The generation of knockout cell lines and introduction of exogenous sequences at specific loci are rapidly becoming common approaches used to investigating the role of specific proteins (Roy et al, 2015). Given the simplicity of generating of CRISPR-Cas components and their importance in exploring genotype-phenotype relationships, we compared conditions and methods for introduction of genome editing components into cell lines. We elected to not use lentiviral-mediated delivery, due to the additional biosafety requirements, or methods that require specialized equipment (i.e., nucleofector), because they not universally available. We chose to compare plasmid and ribonucleoprotein (RNP) transfection into two commonly used cell lines. We also examined the efficiency of gRNA transfections into cells stably expressing Cas9, acknowledging that this approach may not be useful in a clinical context. We developed a novel reporter system for detecting HDR and optimized conditions for genome editing. In contrast to previously developed EGFP-based reporter systems (Bialk et al, 2015, Richardson et al, 2016, Rivera-Torres et al, 2017), the reporter described here allows for the introduction of various exogenous sequences while still expressing EGFP exclusively with successful locus modification. We also found that short homology arms could be used in single- and double-stranded donors templates as others have shown (Bialk et al, 2015, Bialk et al, 2016, Liang et al, 2017). In the experimental conditions utilized here, our findings suggest that RNP transfection may be the most rapid and efficient method of gene disruption and genome editing.

2. Materials and Methods

2.1 Plasmid Construction

pSpCas9(BB)-2A-Puro (PX459) V2.0, a gift from Feng Zhang (Addgene #62988), was used to construct Cas9 and gRNA expressing vectors according to previous published protocols (Ran et al, 2013). The lentiCas9-blast plasmid, a gift from Feng Zhang (Addgene #52962), was used to stably express Cas9 in cell lines according to previous published protocols (Sanjana et al, 2014). pCDNA5/FRT-EGFP and −ΔATG-EGFP plasmids were constructed using Gibson Assemblies following standard procedures. A puromycin-expression plasmid was generated by cloning the puromycin N-acetyl-transferase gene in an SV40-expression cassette into the pBluescript II KS(+) vector. See supplementary table 1 for a list of all oligonucleotides used in this paper.

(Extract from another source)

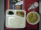 本日の献立は「なまりぶしのしょうが煮・みそ汁・ほうれん草のごまあえ・ごはん・牛乳...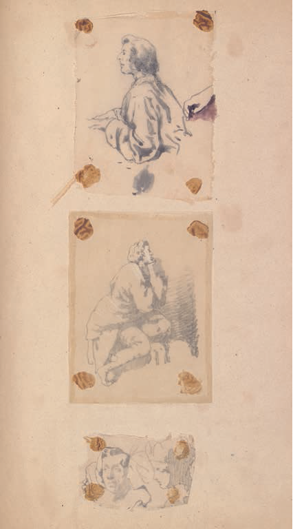 Lot 272. ALBUM DE DESSINS. 87 feuilles. L’album est constitué principalement de dessins ou d’esquisses au crayon ou à la plume sur des feuilles de papier calque de différents formats. Ces calques ont été ensuite collés dans l’album, souvent à l’envers afin de protéger les dessins. Ils sont parfois accompagnés d’annotations concernant le sujet, la date, le lieu. Les sujets sont divers : paysages, animaux, scènes religieuses, portraits (dont celui de Chopin en tenue d’intérieur, à cinq reprises, celui de Mme Belgrand daté 1848), copies de maîtres anciens. Parmi les études préparatoires, la figure de la Muse mazovienne de Chopin pour l’oeuvre intitulée Polonaise de Chopin. Bal à l’Hôtel Lambert (1859, Musée national de Poznan, Pologne), est représentée deux fois dont une dans une version aquarelle

2.2 Cell Culture and Transfection

HeLa cells were purchased from the ATCC (Cat #CCL-2). HEK 293 Flp-In cells were purchased from Invitrogen. All cells were cultured in Dulbecco’s Modified Eagle’s medium (DMEM, Gibco) supplemented with 10% fetal bovine serum (FBS, Gibco), 0.29 mg/ml L-Glutamine, 100 U/ml penicillin, and 100 μg/ml streptomycin (Gibco). Cells were grown in a 37°C humidified incubator with 5% CO2. HEK 293 Flp-In cells were transfected with the EGFP or ΔATG-EGFP plasmids and a plasmid encoding FLP recombinase according to manufacturer’s protocols and selected with hygromycin. Cas9 stable cell lines were generated by infecting cells with a Cas9-expressing lentivirus (Addgene plasmid #52962) followed by isolation of individual clones of cells stably expressing high levels of Cas9. All px459v2, RNP, and gRNA transfections were done in 24 well plates using 1 μL of Lipofectamine 2000 (Invitrogen) as the transfection reagent. Plasmid transfections were done using 0.5 μg of plasmid. RNP transfections used 250 ng pBS-Pur, 100 ng gRNA and 0.5 μg of Cas9 purified protein. Cas9 and the gRNA were incubated prior to the addition of pBS-pur and donor template for 5 minutes at room temperature. In RNA only transfections, 250 ng pBS-Pur and 100 ng of gRNA were used. For knock-in experiments, we optimized conditions for the highest efficiency of knock-in using each method (not shown). The amount of donor template used for each method are as follows; 500 ng for plasmid transfections, 50 ng for RNP transfections, and 10 ng for gRNA only transfection. 24 hours after transfection 2 μg/ml of puromycin was added to the cells. The cells were incubated in puromycin for 48 hours after which the selection reagent was removed from the cells. Individual clones of cells were isolated by limiting dilution.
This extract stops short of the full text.